Martin Scorsese’nin Marvel filmlerinin sinema olmadığını, bu filmleri izleyemediğini, izlemeyi denediğini ve bu tür yapımların insan dramından ziyade tema parklarındaki oyunlara benzediğini bir röportajında dile getirmişti. Hatta Francis Ford Coppola daha da ileri giderek bu filmlerin değersiz olduğunu ifade etti. Şahsen Scorsese’ye katıldığımı belirtmek isterim. Sadece gişe hasılatına oynayan ve uzun zamandır beyaz perdeyi adeta işgal altına almış Marvel filmlerinden dolayı beyaz perdede gerçek anlamda sanatsal filmleri vizyonda çok fazla göremez olduk. Marvel’dan farklı bakış açılarına sahip olsa da DC Comics filmleri de çoğunlukla aynı amaca hizmet eden filmlerdi fakat Dc Comics, Joker filmiyle bu sefer ayağı yere basan bambaşka ve muazzam bir işe imza attı.

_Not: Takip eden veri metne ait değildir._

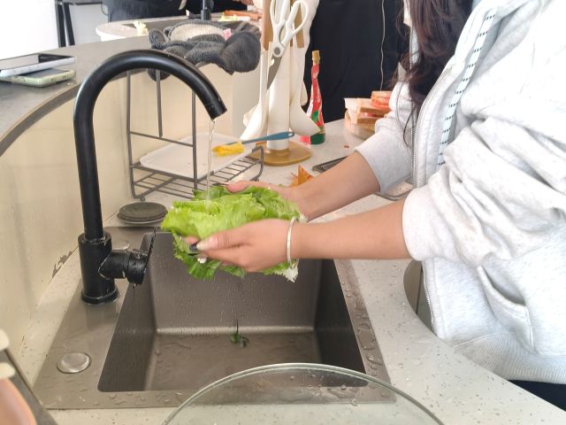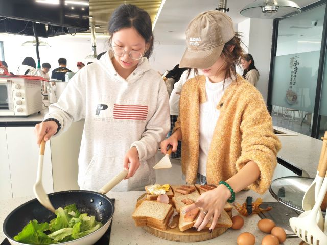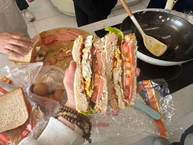为丰富课余生活,提升同学们的动手实践能力与团队协作意识,10月15日下午14:00,金融2402班于毣谷书院的共享厨房内成功举办“探索美食奥秘,争做厨房能手”三明治制作竞技体育活动。全班同学以小组为单位踊跃参与,在轻松愉悦的氛围中共同体验美食制作的乐趣与团队协作的魅力。

Todd Phillips’in hem yönetmenlik hem senaristlik dehasını ortaya koyan Joker filminin Lawrence Sher’in müthiş ve sarsıcı sinematografisiyle, yarattığı renk atmosferiyle, Hildur Gudnadóttir’in insanın ruhuna işleyen ve sizi her an diken üstünde tutan kasvetli , hüzünlü besteleriyle, kostüm ve makyajdaki ustaca dokunuşlarla, dönem mekanlarının ustaca yansıtılmasıyla ve bir palyaçonun bilinçaltından, ruh dünyasından yola çıkarak tüm dünyada büyük yıkımlar yaratan kapitlizme sağlam ve hedefi tutturan salvolar yapmasıyla bir şaheser olduğunu düşünüyorum. Ama filmin saydığım tüm bu artıları yanında filmden Joaquin Rafael Phoenix’i çıkardığınızda Joker filminin size adeta evrendeki varoluş nedeninizi sorgulatan ve vicdanınıza üst üste parça tesirli bombalar savuran karşı konulmaz etkisini bu kadar yoğun hissetmeyeceğiz de aşikardır. Phoenix demişken onun özellikle de Cannes’da en iyi erkek oyuncu ödülünü aldığı ‘Hiçbir Zaman Burada Değildin’’ filmindeki performansını izlemenizi tavsiye ederim.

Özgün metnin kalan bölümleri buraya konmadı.